Het is interessant om op te merken dat de aard van het lichtdeeltje (foton) onder bepaalde omstandigheden ook het gezichtsvermogen kan beïnvloeden. De absorptie van fotonen gebeurt in fotoreceptoren volgens de regels van een willekeurig proces. Met name de intensiteit van het licht dat elke fotoreceptor bereikt, bepa alt alleen de waarschijnlijkheid dat een foton wordt geabsorbeerd.

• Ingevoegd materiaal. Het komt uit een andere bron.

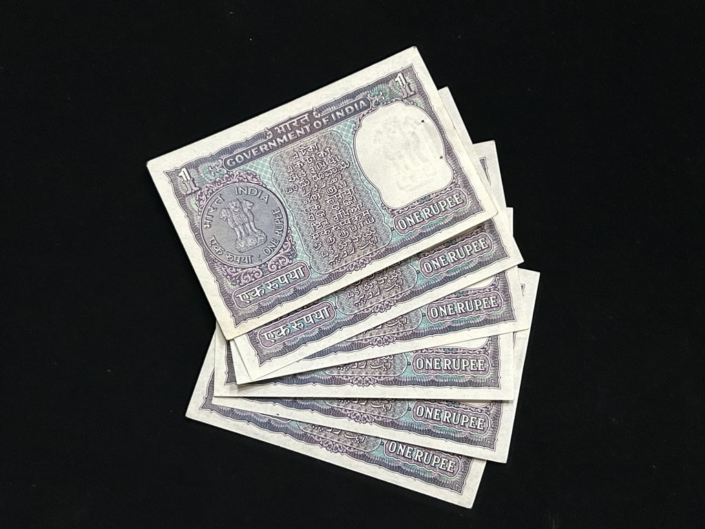 India, 1969 Rupee 1 x 6 Banknotes, Set Of Fancy Serial Number 555522-555599 (555555 & 555566 Missing), Gandhi Issue, Sign. I.G. Patel, UNC

Dit beperkt het vermogen om te zien bij lage helderheid en het oog aan te passen aan de duisternis.
Transparantie
In kunstmatige optische systemen worden transparante materialen gebruikt: glas of kunststof met een refractief fixeermiddel. Evenzo moet het menselijk oog grootschalige afbeeldingen met een hoge resolutie vormen met behulp van levend weefsel. Als het op het netvlies geprojecteerde beeld te wazig of wazig is, zal het visuele systeem niet goed werken. De reden hiervoor kunnen oog- en neuronale ziekten zijn.
Anatomie van het oog
Het menselijk oog kan worden omschreven als een met vloeistof gevulde quasi-bolvormige structuur. Het optische systeem van het oog bestaat uit drie weefsellagen:
- extern (sclera, hoornvlies);
- intern (netvlies, corpus ciliare, iris);
- intermediair (choroidea).
Bij volwassen mensen is het oog ongeveer een bol met een diameter van 24 mm en bestaat het uit veel cellulaire en niet-cellulaire componenten die zijn afgeleid van de ectodermale en mesodermale kiembaanbronnen.

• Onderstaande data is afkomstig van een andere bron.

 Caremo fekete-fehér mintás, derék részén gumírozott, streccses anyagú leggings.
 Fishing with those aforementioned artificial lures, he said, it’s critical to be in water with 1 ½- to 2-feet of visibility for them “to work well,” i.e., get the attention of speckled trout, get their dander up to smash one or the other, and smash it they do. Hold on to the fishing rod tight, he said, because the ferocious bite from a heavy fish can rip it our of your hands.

De buitenkant van het oog is bedekt met een resistent en flexibel weefsel dat de sclera wordt genoemd, behalve de voorkant waar het transparante hoornvlies licht doorlaat in de pupil. Twee andere lagen onder de sclera: choroidea om voedingsstoffen te leveren en netvlies waar licht wordt geabsorbeerd door fotoreceptoren na beeldvorming.

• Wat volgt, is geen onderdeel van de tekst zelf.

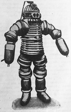 Кстюмы делаются броневые, наружное давление поглощается жесткостью системы. (Рис. 1 и 2). Для дыхания водолаз имеет сзади резервуар со сжатым кислородом и получает требующийся кислород при помощи особого приспособления. Поглощение углекислоты достигается аппаратом, находящимся внутри водолазного костюма. Передвижение в таком костюме и на такой глубине весьма затруднительно, и водолаз переводится с одного места на другое с помощью стрелы (приспособление на корабле, с которым водолаз связан, обычно, стальным тросом), по указанию самого водолаза, соединяющегося с верхом телефоном. Таким образом, автономные водолазные костюмы для работ на больших глубинах невозможны, в виду их большого веса и трудности самостоятельного продвижения по дну на этих глубинах; на глубинах же небольших, автономность приборов ограничена незначительной продолжительностью действия аппаратуры с кислородом и для поглощения углекислоты.

Het oog is dynamisch dankzij de actie van zes extrinsieke spieren om de visuele omgeving vast te leggen en te scannen. Licht dat het oog binnenkomt, wordt gebroken door het hoornvlies: een dunne transparante laag vrij van bloedvaten, ongeveer 12 mm in diameter en ongeveer 0,55 mm dik in het centrale deel. Watertraanfilm op het hoornvlies garandeert de beste beeldkwaliteit.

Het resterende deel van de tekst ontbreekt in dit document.